» Entries provided:
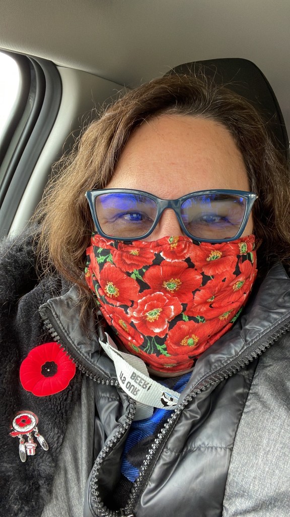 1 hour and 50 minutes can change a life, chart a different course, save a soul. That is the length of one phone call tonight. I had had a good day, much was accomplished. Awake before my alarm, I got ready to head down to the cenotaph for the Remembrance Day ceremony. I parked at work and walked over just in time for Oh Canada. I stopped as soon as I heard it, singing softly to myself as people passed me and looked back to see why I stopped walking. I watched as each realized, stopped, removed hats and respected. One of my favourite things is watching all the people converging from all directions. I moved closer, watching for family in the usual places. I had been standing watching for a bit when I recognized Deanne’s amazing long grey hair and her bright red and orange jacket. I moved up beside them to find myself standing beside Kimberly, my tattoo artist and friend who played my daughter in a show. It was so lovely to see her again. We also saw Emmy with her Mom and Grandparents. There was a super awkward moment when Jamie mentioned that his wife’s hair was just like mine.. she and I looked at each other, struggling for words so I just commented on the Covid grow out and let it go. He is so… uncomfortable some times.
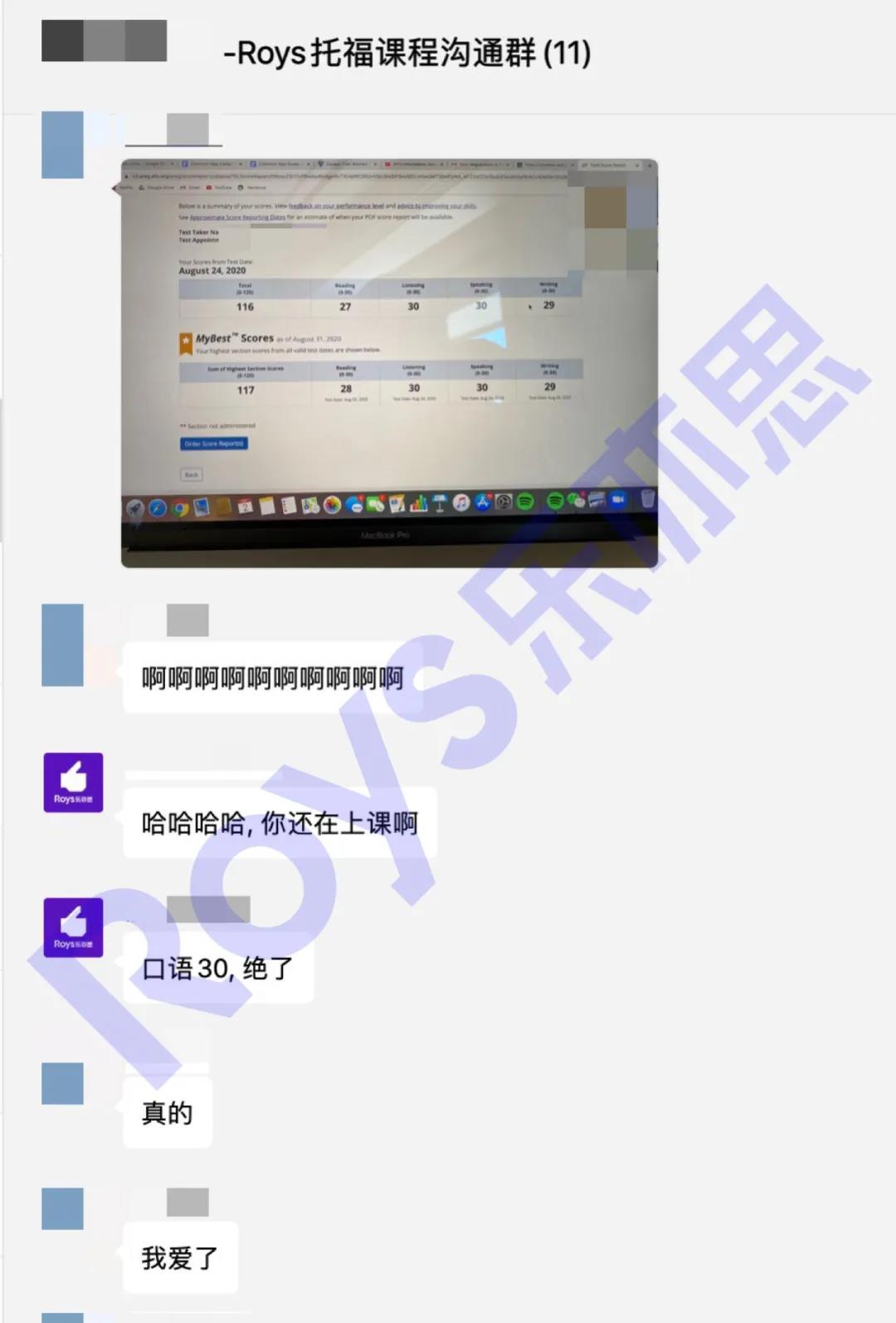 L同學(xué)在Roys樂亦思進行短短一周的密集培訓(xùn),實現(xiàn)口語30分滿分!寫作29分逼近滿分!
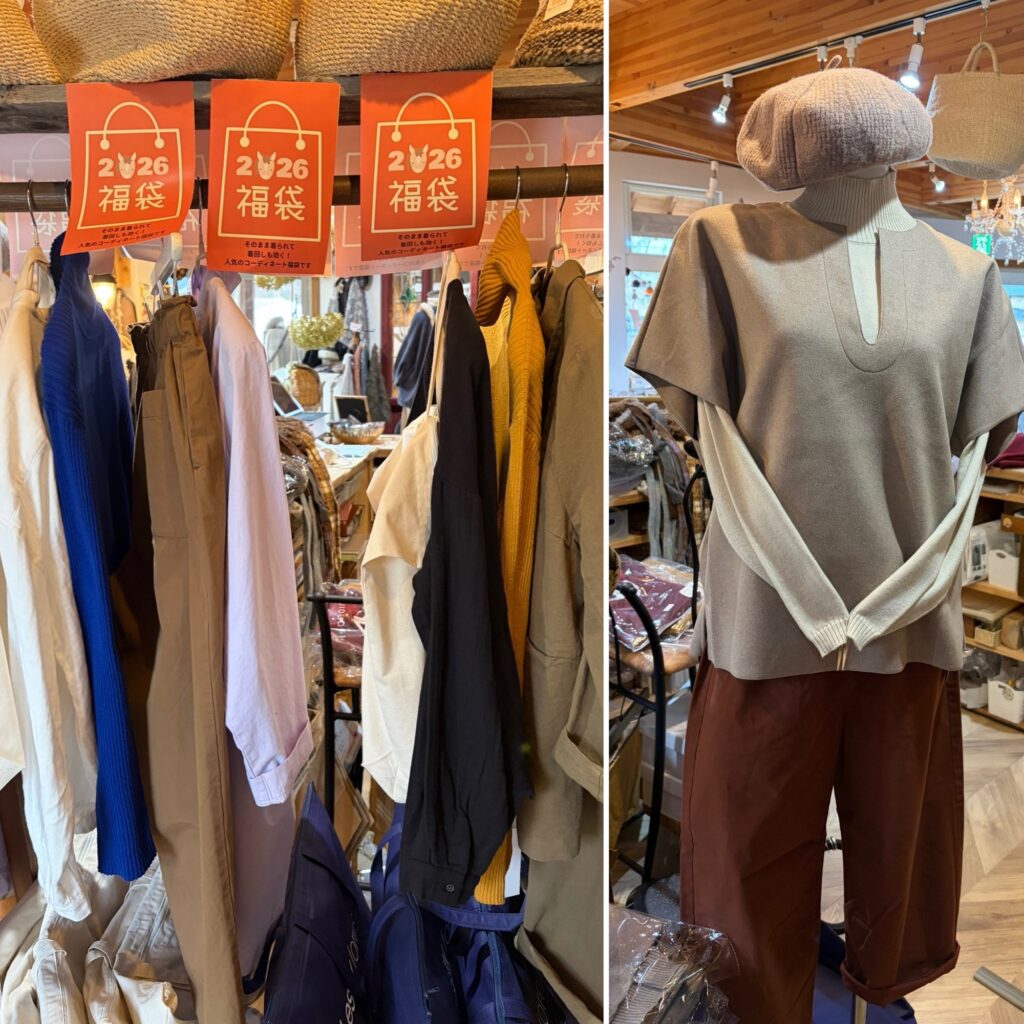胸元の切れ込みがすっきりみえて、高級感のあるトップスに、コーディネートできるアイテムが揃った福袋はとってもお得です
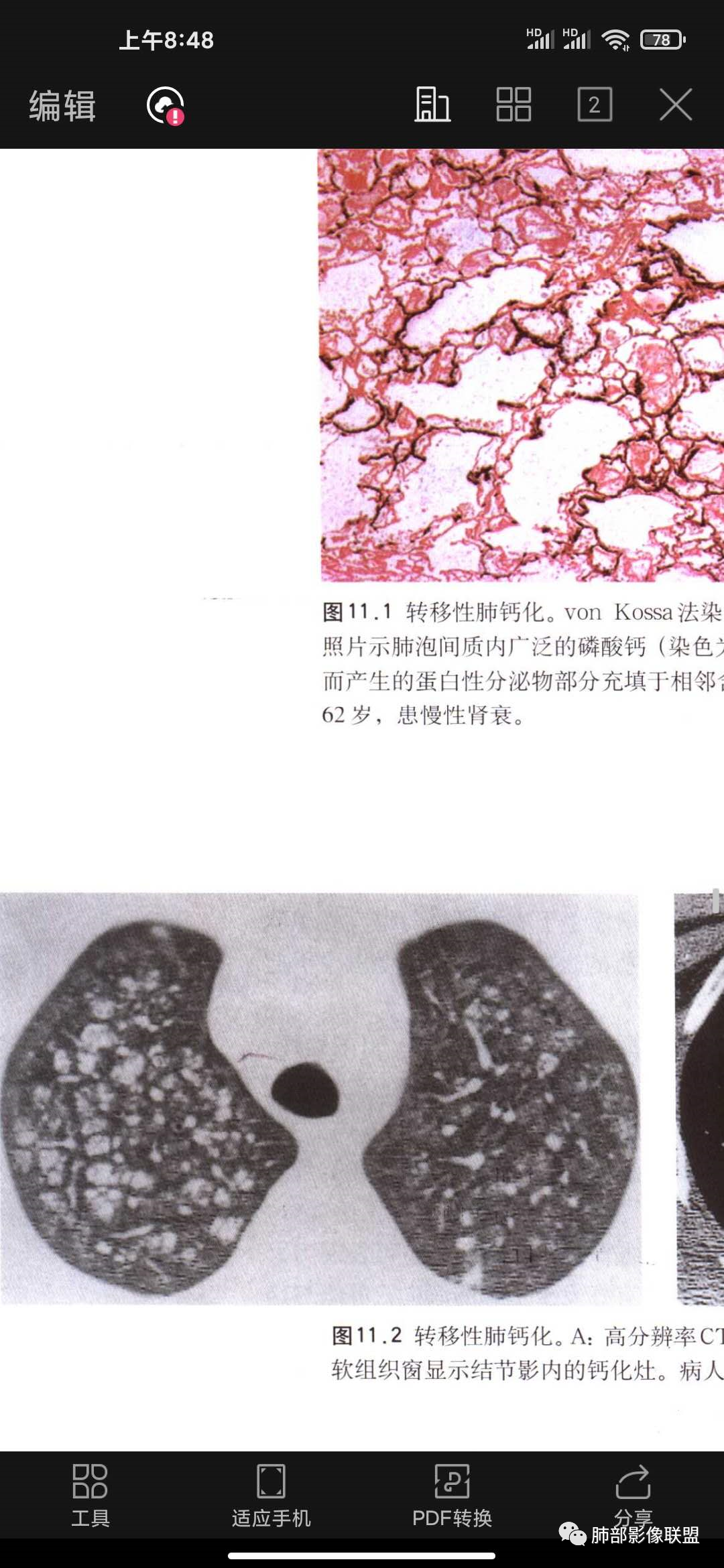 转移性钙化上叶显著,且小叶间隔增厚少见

---

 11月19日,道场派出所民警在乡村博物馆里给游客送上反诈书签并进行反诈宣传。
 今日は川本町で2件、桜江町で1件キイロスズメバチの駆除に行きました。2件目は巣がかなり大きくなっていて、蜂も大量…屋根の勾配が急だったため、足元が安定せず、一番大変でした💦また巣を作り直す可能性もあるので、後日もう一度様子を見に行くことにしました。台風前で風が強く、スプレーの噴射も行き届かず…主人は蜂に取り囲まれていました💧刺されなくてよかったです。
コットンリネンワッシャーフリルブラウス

» Assigned task: Once you find the line with "今日は川本町で2件、桜江町で" above, print it and every line after it up to and including the line with "コットンリネンワッシャーフリルブラウス", exactly as written and nothing else.

» Exercise result:
 今日は川本町で2件、桜江町で1件キイロスズメバチの駆除に行きました。2件目は巣がかなり大きくなっていて、蜂も大量…屋根の勾配が急だったため、足元が安定せず、一番大変でした💦また巣を作り直す可能性もあるので、後日もう一度様子を見に行くことにしました。台風前で風が強く、スプレーの噴射も行き届かず…主人は蜂に取り囲まれていました💧刺されなくてよかったです。
コットンリネンワッシャーフリルブラウス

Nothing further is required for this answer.